Sunday, August 23, 2015

Manassas

It's hazy and humid on these ridges and plains of this Manassas battle field, probably I'd imagine, just about the same weather the soldiers from the North and South who fought each other encountered, considering it's the same month yet 150 and change years apart.

And boy is it gorgeous. To say walking through fields where 11,300 people died in a confusing and bloody battle over the span of just three days is a spiritual experience, well that's an understatement.

If trees could talk.

The ground, which undoubtedly is layered upon copious amounts of long dried blood, the forests, even a few houses remain intact, remain virtually as it was in 1862.

One major change is the population, and the traffic and noise that comes with it.

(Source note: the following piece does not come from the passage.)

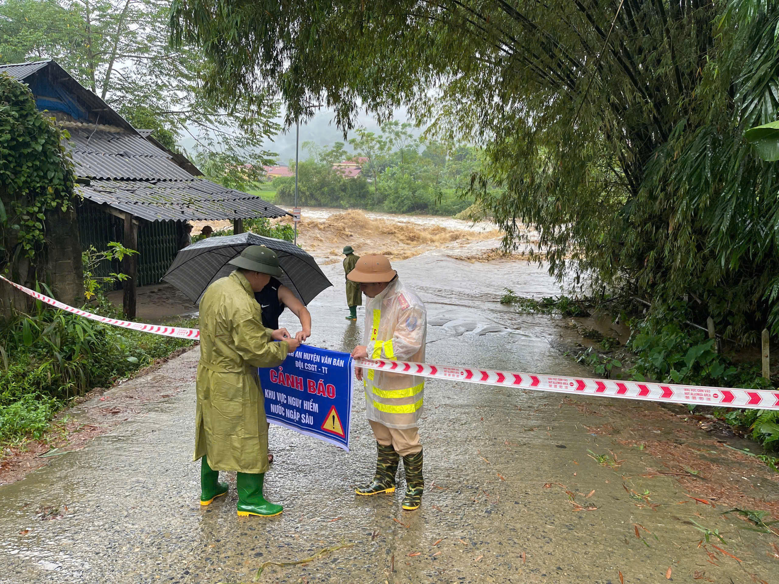 Công an huyện Văn Bàn căng dây cảnh báo không cho người dân qua lại khi nước dâng cao tại khu vực đập tràn tránh nguy hiểm.

I walk down a wooden fence-lined hill with Civil War cannons still at ready and towards Lee Highway, which separates the battlefield, and I have to push a button at a traffic light in order to safely cross the insanely busy thoroughfare. A truck bellowing out smog from its exhaust pipe followed by a line of Audis, Honda coupes, and Jeeps gets the green left turn arrow for Sudley Road and blows past me.

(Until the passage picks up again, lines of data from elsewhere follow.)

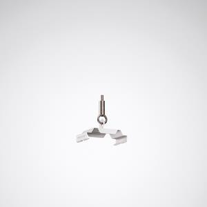 Aufhängeklammer für Montage an Stahlseil. Aus Edelstahl, rostfrei. In Kombination mit Tragprofilen E-Line Pro 078... anzuwenden. Oberfläche beschichtet, Farbe weiß (ähnlich RAL 9016).
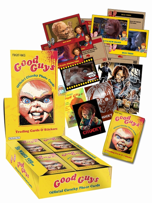 ホラーファンが思わず唸るアパレルブランド「フライト・ラグス」彼らのとめどないホラーへの愛はアパレルにとどまらず、ホラーカルチャーそのものにも波及。映画内の名場面を切り取ったトレーディングカードをリリースするにいたりました。こちらはドラマシリーズも話題で、シリーズ35周年を迎えた『チャイルド・プレイ』の、24パック入りボックスセット。チャッキーのはしゃぎっぷりをご堪能あれ。(BOXの場合、ベースカード77種は揃います。その他レアカードも封入されている可能性もございます。おたのしみに!)
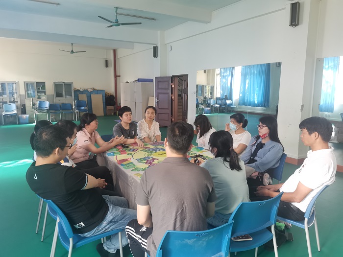 全體輔導(dǎo)員分兩批開展疏導(dǎo)和培訓(xùn)。高茹、尹嫦春利用工具包,讓輔導(dǎo)員們依次傾訴了當(dāng)前的情緒,厘清了輔導(dǎo)員們的內(nèi)心需求和解決需求的策略,有效幫助輔導(dǎo)員疏導(dǎo)了近期因家庭和工作沖突帶來的焦慮情緒和閉環(huán)管理的學(xué)生管理壓力。通過親身體驗(yàn)“走心桌游”心理疏導(dǎo)的流程和方法,也為輔導(dǎo)員們提供了一個(gè)有效解決學(xué)生情緒帶來的各種學(xué)生管理問題的方法。

I begin to re think that whole spiritual experience thing.

But this whole area, if nothing else, is purposeful.

Before humans, deer foraged for plants here, and were stalked by wolves. Then came the Original Americans meandering and hunting, followed by the Anglo Saxons, dirt roads, railroads, and freeways. All of this simply, because it made sense. For this is the Shenandoah Valley, a fertile and flat area tucked between two less hospitable walls of mountains that extend for hundreds of miles.

Lee Highway, I-66, Sudley Road, these all exist for the same reasons those ancient animals traversed these plains, for the same reason Native Americans utilized the lands for thousands of years - accessibility.

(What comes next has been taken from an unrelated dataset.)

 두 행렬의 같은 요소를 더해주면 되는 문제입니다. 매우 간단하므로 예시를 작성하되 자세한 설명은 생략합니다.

Call it geographical determinism when, on that day in 1862, Northerners wanted to defend DC while also to suppress the Southern rebellion in their own de facto capital of Richmond, VA and this little crossroads happened to be the easiest path between the two.

I try to keep this in mind while standing here on Manassas battlefield with all its noise, and traffic congestion, and busyness. The battle would never have happened here, if it wouldn't one day look like this in August 2015.

Don't hate the player, hate the game.